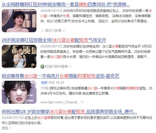 在3月15日之前,对于这个造型的主要描述是“冰川蓝的长裙”“利落短发”,活动官方微博措辞拔高了些许格调,称作“素色唐袍”。
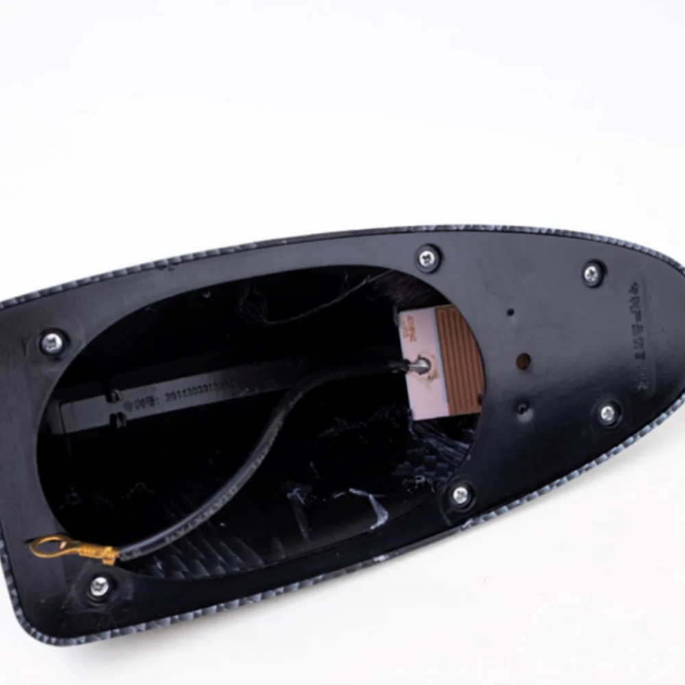 This carbon fiber shark fin antenna is designed to upgrade both style and radio reception.
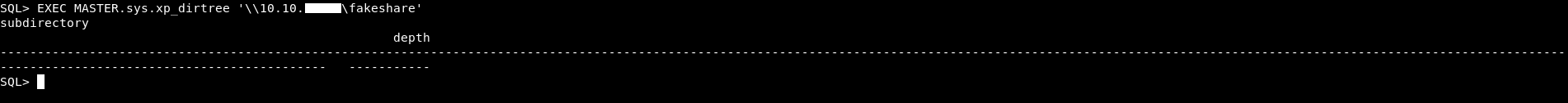 I ran responder (responder -I tun0) and used xp_dirtree to see what hashes can I catch :
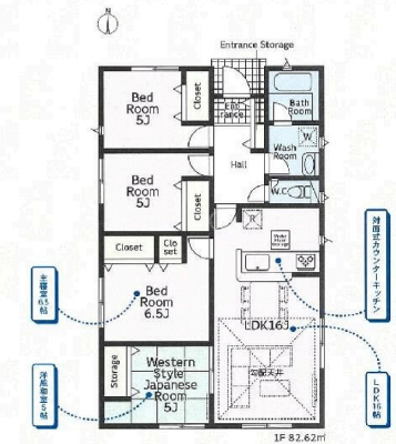 | 築年月 | 2025年11月築 | 間取り | 4LDK (LDK16/和室4.5/洋室7.5/洋室7.5/洋室4.5) | ||
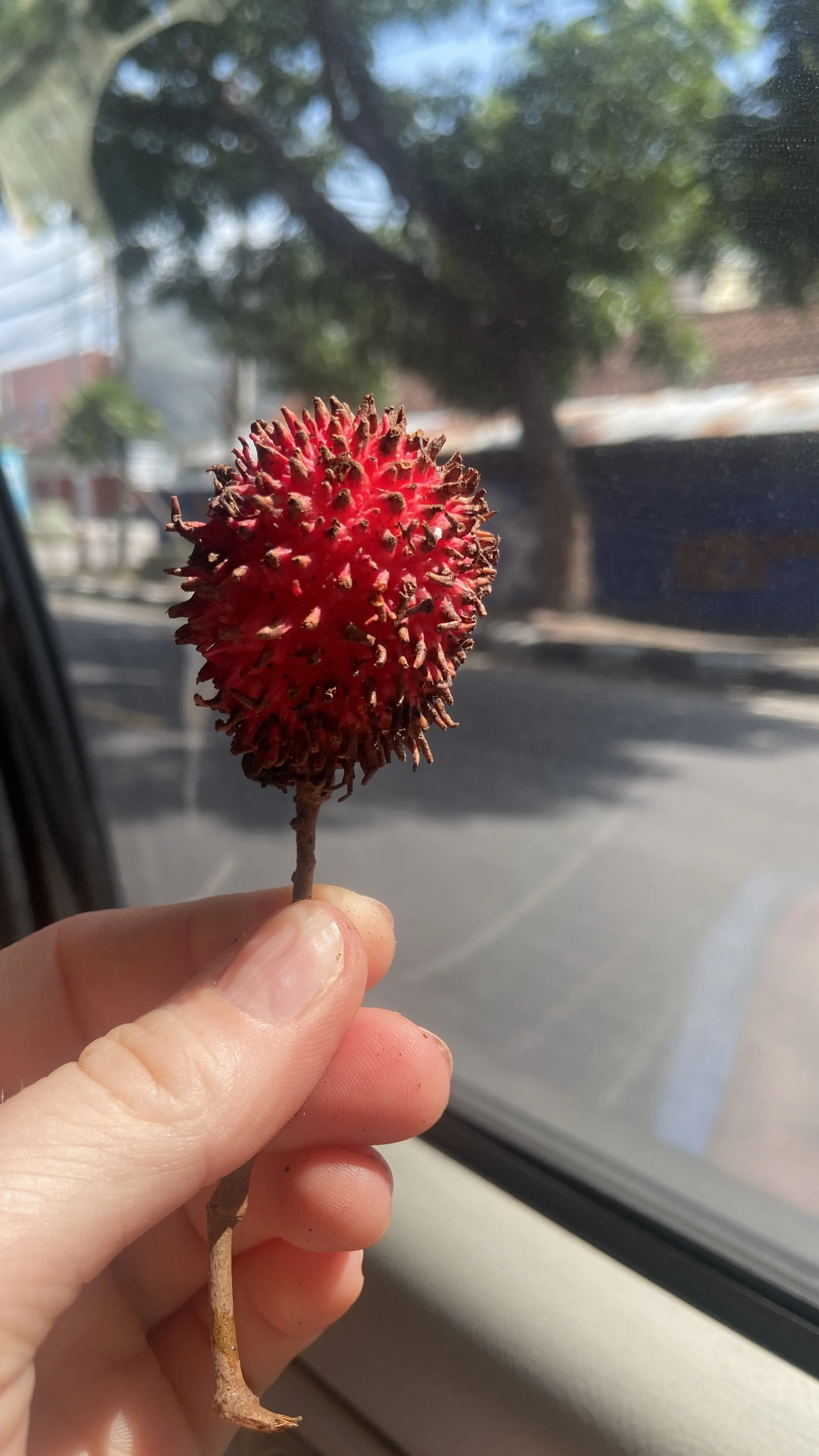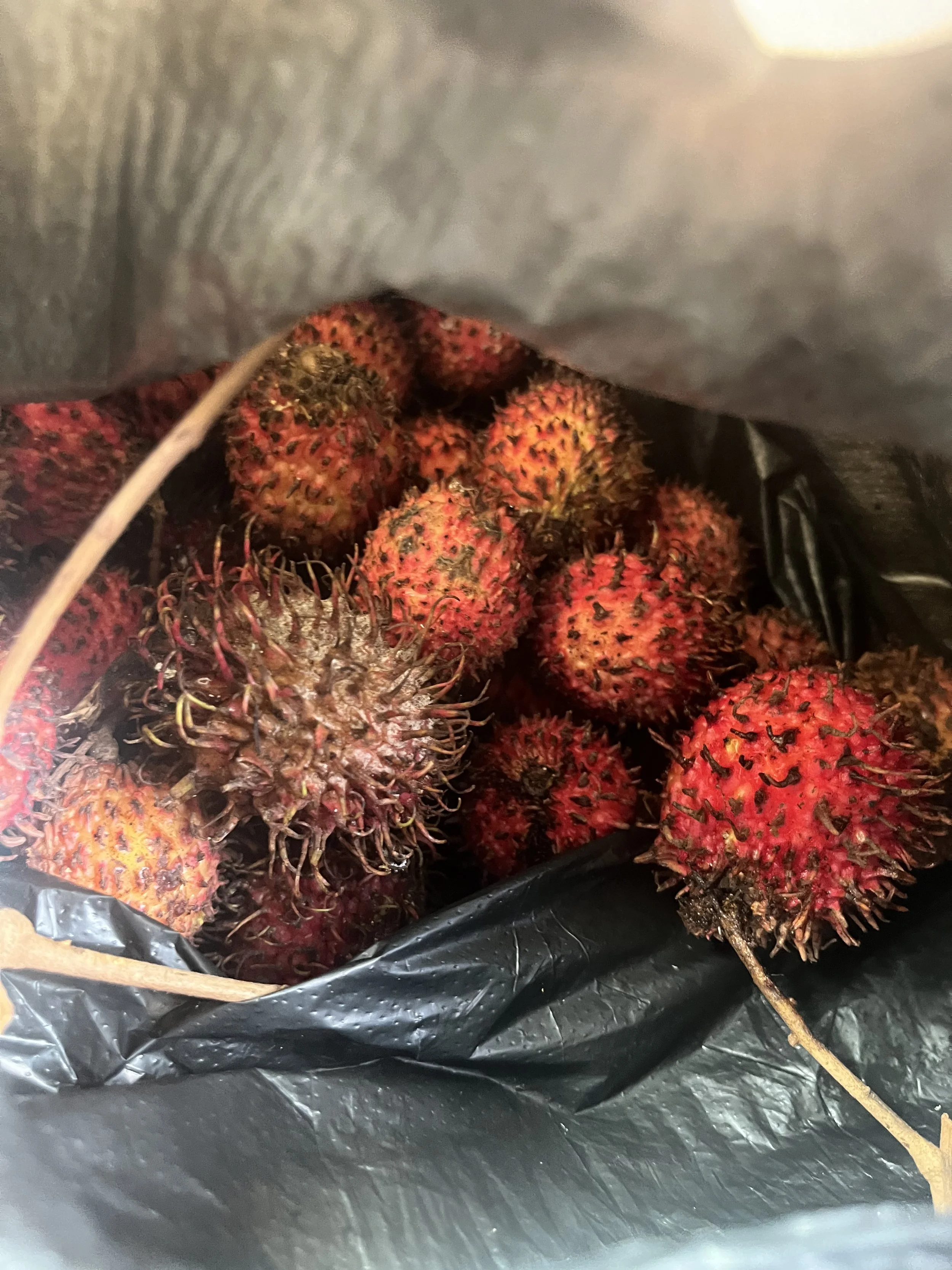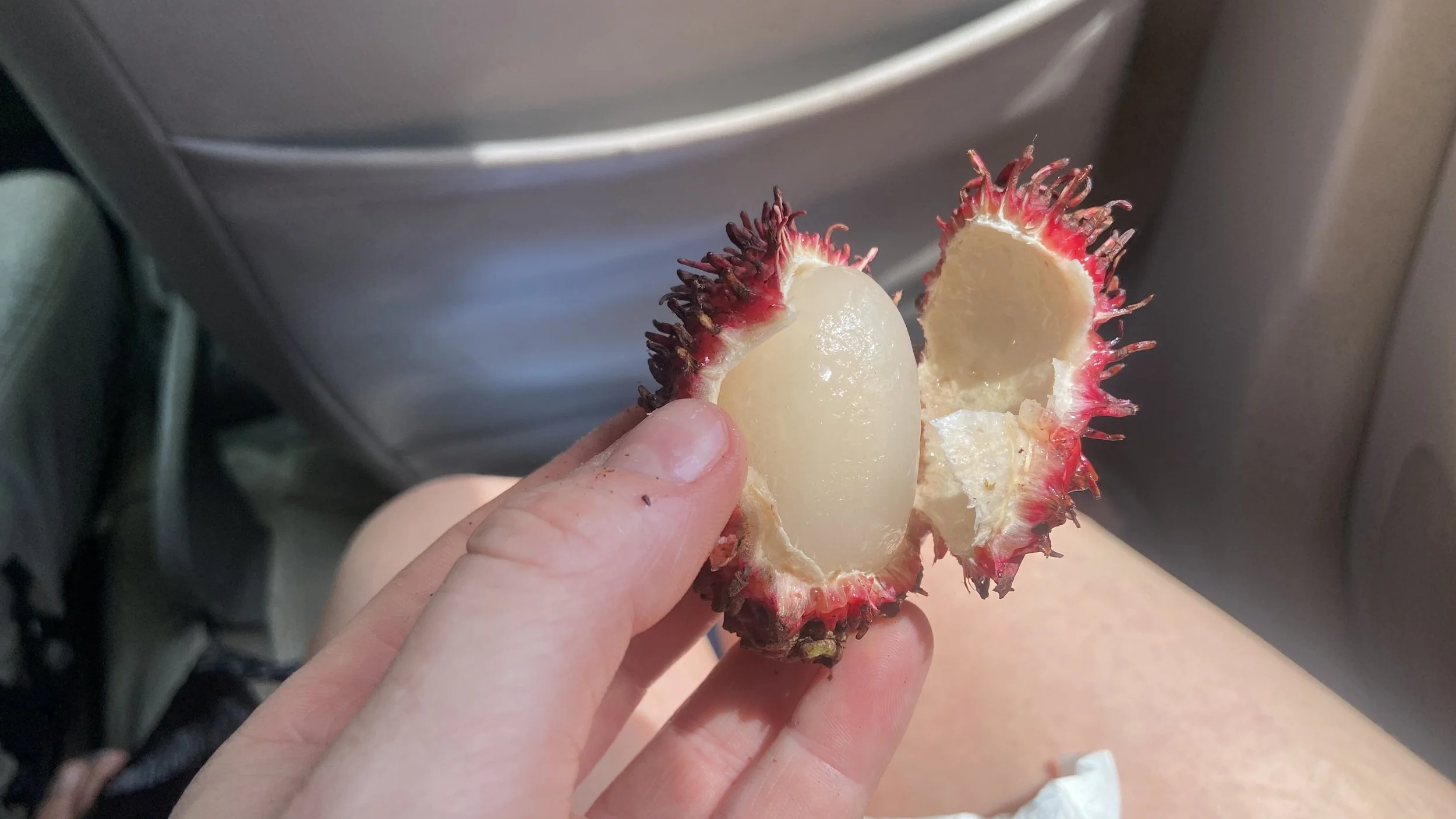 Er fragt uns, ob wir schon mal Rambutan probiert haben. Nein, haben wir nicht – das soll sich dann schnell ändern. Adanan hält kurzerhand an und kauft ein Kilo der Frucht für uns. Er zeigt uns auch wie wir diese rote Farbenpracht schälen müssen. Es schmeckt richtig gut, ich finde ein wenig vergleichbar wie Litschi. Vollkommen klar, dass hier jetzt ab sofort das „Team Rambutan“ im Auto sitzt.

---

DIRECTIONS — Beginning with the line that contains "I ran responder" in the data above, please copy each line exactly until the last line, both ends included, skipping any pictures.

YOUR RESPONSE —
 I ran responder (responder -I tun0) and used xp_dirtree to see what hashes can I catch :
 | 築年月 | 2025年11月築 | 間取り | 4LDK (LDK16/和室4.5/洋室7.5/洋室7.5/洋室4.5) | ||
 Er fragt uns, ob wir schon mal Rambutan probiert haben. Nein, haben wir nicht – das soll sich dann schnell ändern. Adanan hält kurzerhand an und kauft ein Kilo der Frucht für uns. Er zeigt uns auch wie wir diese rote Farbenpracht schälen müssen. Es schmeckt richtig gut, ich finde ein wenig vergleichbar wie Litschi. Vollkommen klar, dass hier jetzt ab sofort das „Team Rambutan“ im Auto sitzt.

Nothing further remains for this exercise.